Légendes
Asie

Pourquoi l’Eau est Salée

level 1
Difficulté *

Il y a fort longtemps vivaient en Chine deux frères.

Wang-l’aîné était le plus fort et embêtait sans arrêt son cadet. A la mort de leur père, les choses ne s’arrangèrent pas et la vie devint compliquée pour Wang-cadet. Wang-l’aîné prit tout l’héritage du père : la belle maison, le buffle, et tous les biens. Wang-cadet n’eut rien du tout et la misère s’installa bientôt dans sa maison.

Un jour, il ne lui resta même plus un seul grain de riz. Il ne pourrait pas manger, alors, il dut aller chez son frère aîné.

Arrivé sur place, il le salua et dit:

– Frère aîné, prête-moi un peu de riz.

Mais son frère, qui n’aimait pas partager, refusa de l’aider et le cadet reparti.

Ne sachant pas quoi faire, Wang-cadet alla pêcher au bord de la mer Jaune. La chance n’était pas avec lui car il ne réussit même pas à attraper un seul poisson.

Il rentrait chez lui les mains vides, la tête basse, le cœur lourd quand soudain, il aperçut une meule au milieu de la route.

– Ça pourra toujours servir ! , pensa-t-il en ramassant la grosse pierre, et il la rapporta à la maison.
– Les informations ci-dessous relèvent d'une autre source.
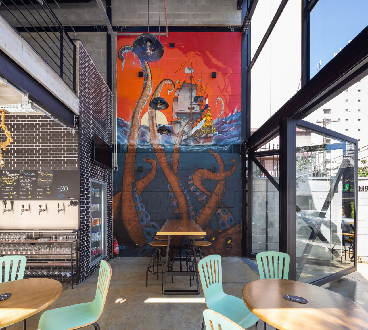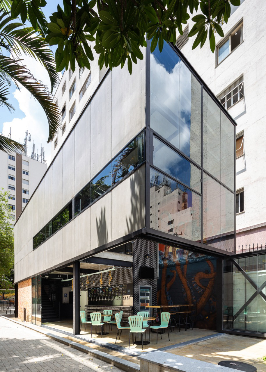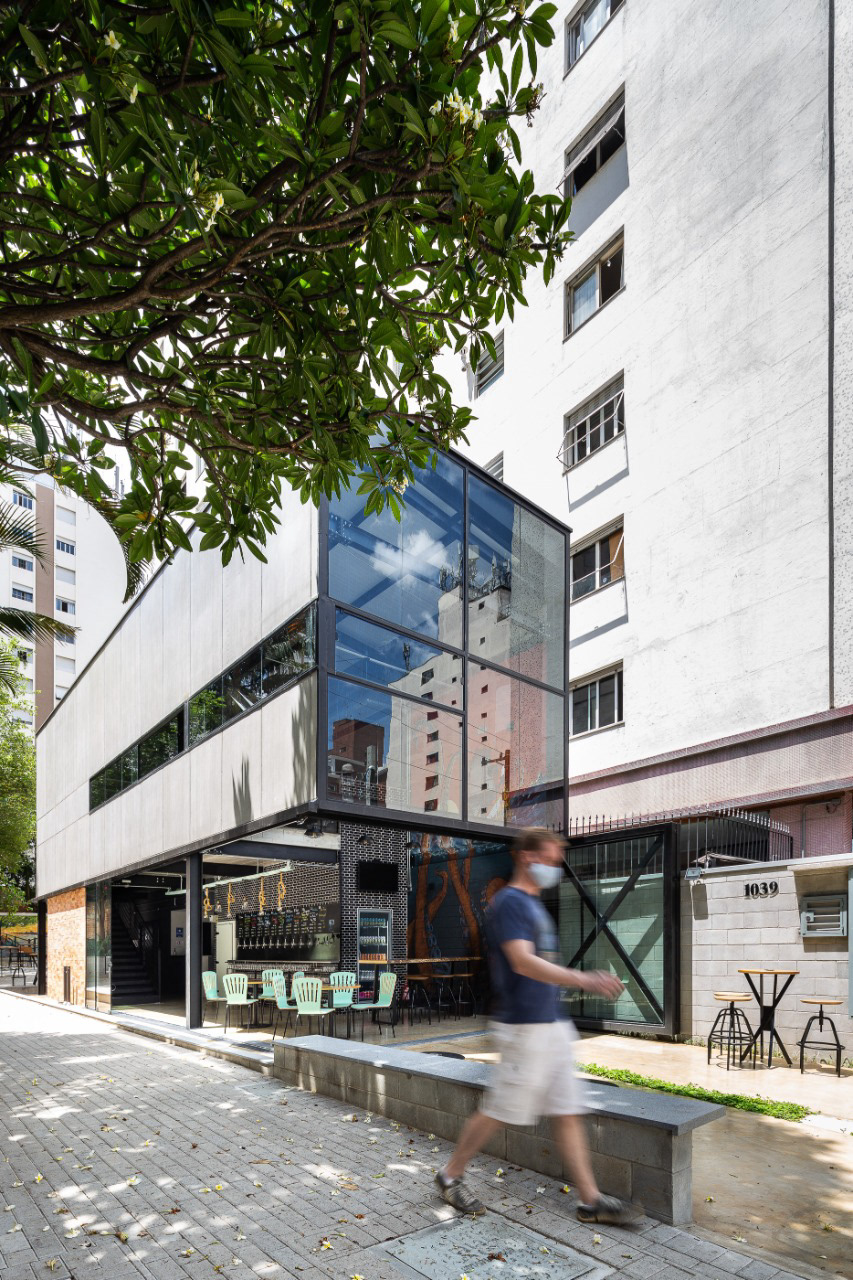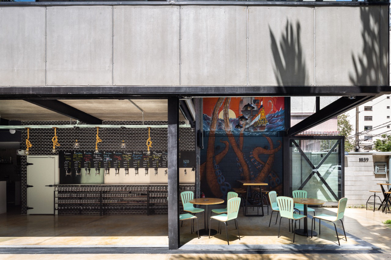 O térreo abriga as taps de cerveja, câmara fria, mesas, banheiros e depósito, enquanto o pavimento superior é um salão livre.

Dès qu’elle l’aperçut, sa femme lui demanda :

– As-tu fait bonne pêche ? Rapportes-tu beaucoup de poisson ?

– Non! Il n’y a pas de poisson. Je t’ai apporté une meule.

– Ah, Wang-cadet, tu sais bien que nous n’avons rien à moudre : il ne reste pas un seul grain à la maison.

Wang-cadet posa la meule par terre et lui donna un coup de pied. La meule se mit à tourner, à tourner et à moudre. Et il en sortait du sel, des quantités de sel. Elle tournait de plus en plus vite et il en sortait de plus en plus de sel. Wang-cadet et sa femme étaient tout contents de cette chance mais la meule tournait, tournait et le tas de sel grandissait, grandissait.

Wang-cadet commençait à avoir peur et se demandait comment il pourrait bien arrêter la meule. Il pensait, réfléchissait, calculait, il ne trouvait aucun moyen. Soudain, il eut enfin l’idée de la retourner, et elle s’arrêta.

Depuis ce jour, chaque fois qu’il manquait quelque chose dans la maison, Wang-cadet poussait la meule du pied et obtenait du sel qu’il échangeait avec ses voisins contre ce dont il avait besoin. Ils vécurent ainsi à l’abri du besoin, lui et sa femme.

Mais le frère aîné apprit vite comment son cadet avait trouvé le bonheur et il fut frappé par l’envie. Il vint voir son frère et dit :

– Frère-cadet, prête-moi ta meule.

Le frère cadet aurait préféré garder sa pierre pour lui, mais il avait un profond respect pour son frère aîné et il n’osa pas refuser.

Wang-l’aîné était tellement pressé d’emporter la meule que Wang-cadet n’eut pas le temps de lui expliquer comment il fallait faire pour l’arrêter. Lorsqu’il voulut lui parler, ce dernier était déjà loin, emportant l’objet de ses envies.

Il était très heureux, le frère aîné. Il rapporta la meule chez lui et la poussa du pied. La meule se mit à tourner et à moudre du sel. Elle moulut sans relâche, de plus en plus vite. Le tas de sel grandissait, grandissait sans cesse. Il atteignit bien vite le toit de la maison. Les murs craquèrent. La maison allait s’écrouler.

Wang-l’aîné prit peur. Il ne savait pas comment arrêter la meule. Il eut l’idée de la faire rouler hors de la maison, qui était sur une colline. La meule dévala la pente, roula jusque dans la mer et disparut dans les vagues.

Depuis ce temps-là, elle continue à tourner au fond de la mer et à moudre du sel. Personne n’est allé la retourner.

Et voilà pourquoi l’eau de la mer est salée.